Occasionally in local and state politics, subtle and seemingly insignificant developments can hide momentous events. For example, few people in Clark County (beyond the inveterate political geeks) thought it was unusual last year when Republican candidates for the Legislature Brandon Vick and Adrian Cortes advanced beyond the primary to the general election (where Vick won), or when Republicans David Madore and incumbent Marc Boldt did the same thing in a race for county commissioner (Madore eventually won).Actually, though, history was made in those two races. The November 2012 election marked the first time since the birth of the top two primary in 2008 that two candidates from the same party had advanced to the general election. Nothing wrong with that, we editorialized. The glory of the top two primary is that it promotes the voters’ two favorite choices regardless of political affiliation.
Second example: Last week in Olympia, at a lightly attended ceremony that drew little publicity, Gov. Jay Inslee signed a bill that most Washingtonians knew nothing about: Senate Bill 5518, which the average citizen would understandably believe dealt with a bunch of administrative minutiae. Actually, though, history was made at this event, too. The top two primary became the unchallenged law of our state. All law books will be cleared of references to the old, absurd pick-a-party primary, which had incensed voters by requiring them to declare party affiliation in a state that does not (thankfully) require voters to register by party.

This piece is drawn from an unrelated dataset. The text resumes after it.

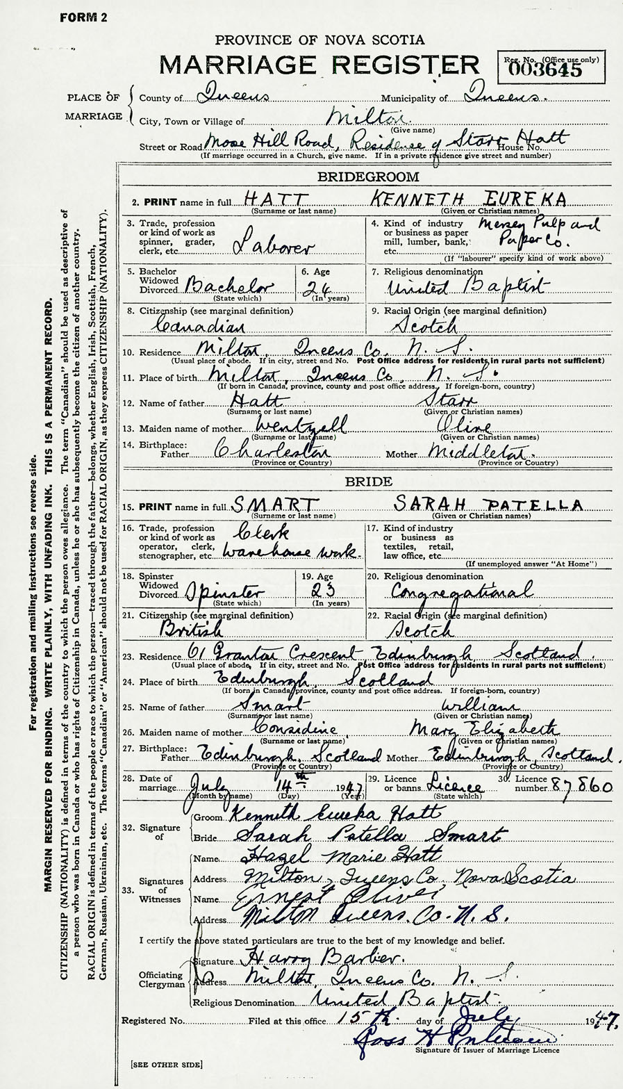 28. Date of marriage July 14 1947 29. By license or banns License 30. License number 87860
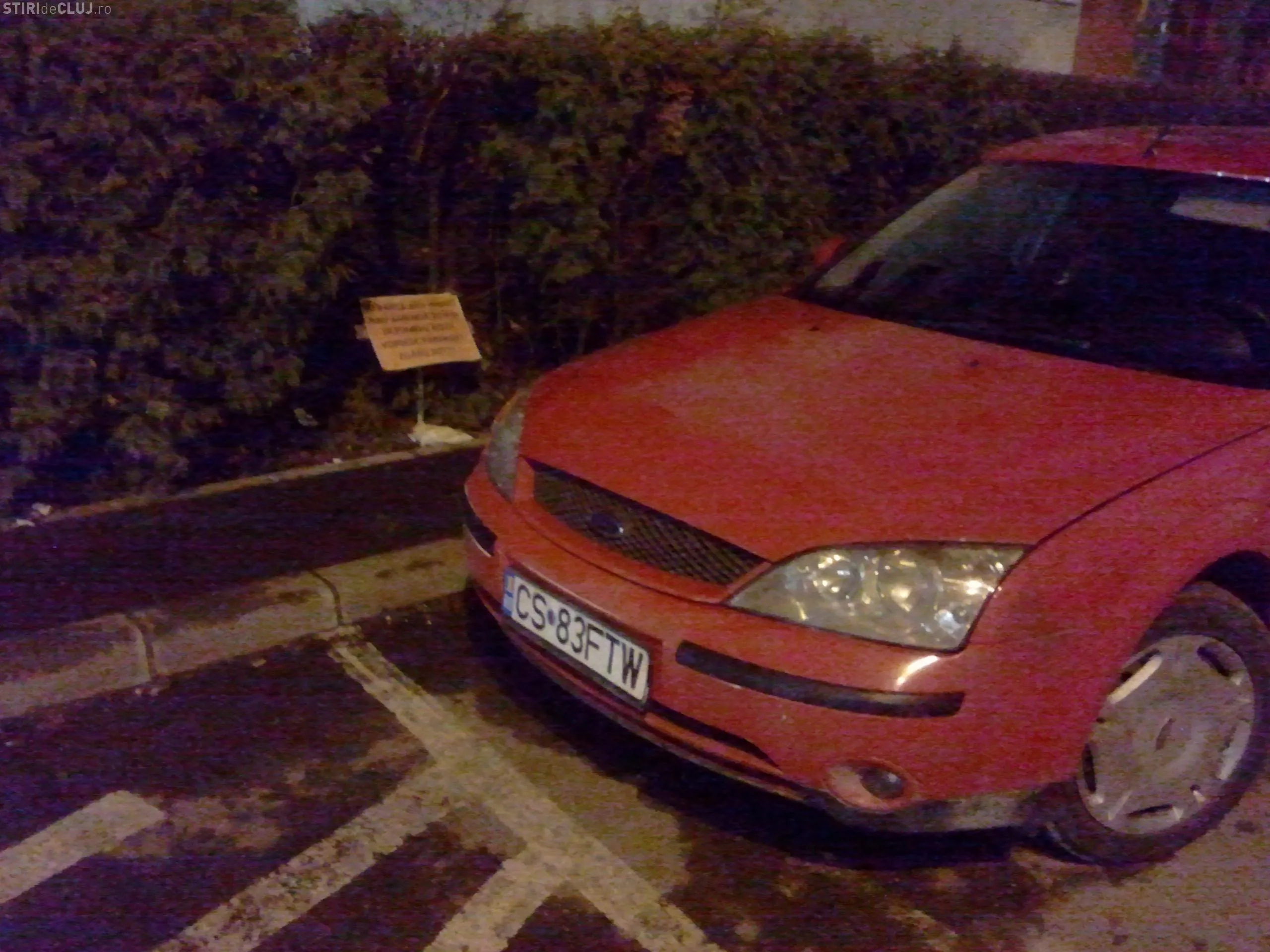 Interesant este că mașina parcată pe locul ”protajat” de șofer este înmatriculată în Caraș-Severin, având pe parbriz un abonament de parcare eliberat de Primăria Cluj-Napoca.

Tiresome appeals by officials of political parties — against the expressed will of the voters — now are consigned to history. David Ammons, former Vancouverite and spokesman for the secretary of state’s office, described the bill signing as “a quiet, noncontroversial ending to a 12-year legal, legislative and ballot-box battle to preserve a wide-open primary system for Washington voters. The fight had involved the political parties, the highest court in the land, and even a detour through California.”
That court is the U.S. Supreme Court, which in 2008 ruled against the political party kingpins and declared the top two primary constitutional. And that detour through California referred to approval in that state of the Washington-style primary.
One of the party leaders’ biggest complaints was that one party in any one race could hog the general election, to which we responded: And that would be bad because? Let voters decide what they want. As it turned out, in the 2008 primary, among 14 partisan races in Clark County, not a single one advanced two candidates from the same party. After two years, 27 local races each advanced one candidate from each party. Again, though, no big deal. And then in 2012 Vick-Cortes (actually, there was no Democrat entered in this primary race) and Madore-Boldt defied the trend.
When local voters proceed to this year’s primary on Aug. 6, we doubt many will remember the history that was made last November and last week. But we should all be proud that Washington’s excellent top two primary — rare among states — now stands unquestionably as a model for the rest of the nation.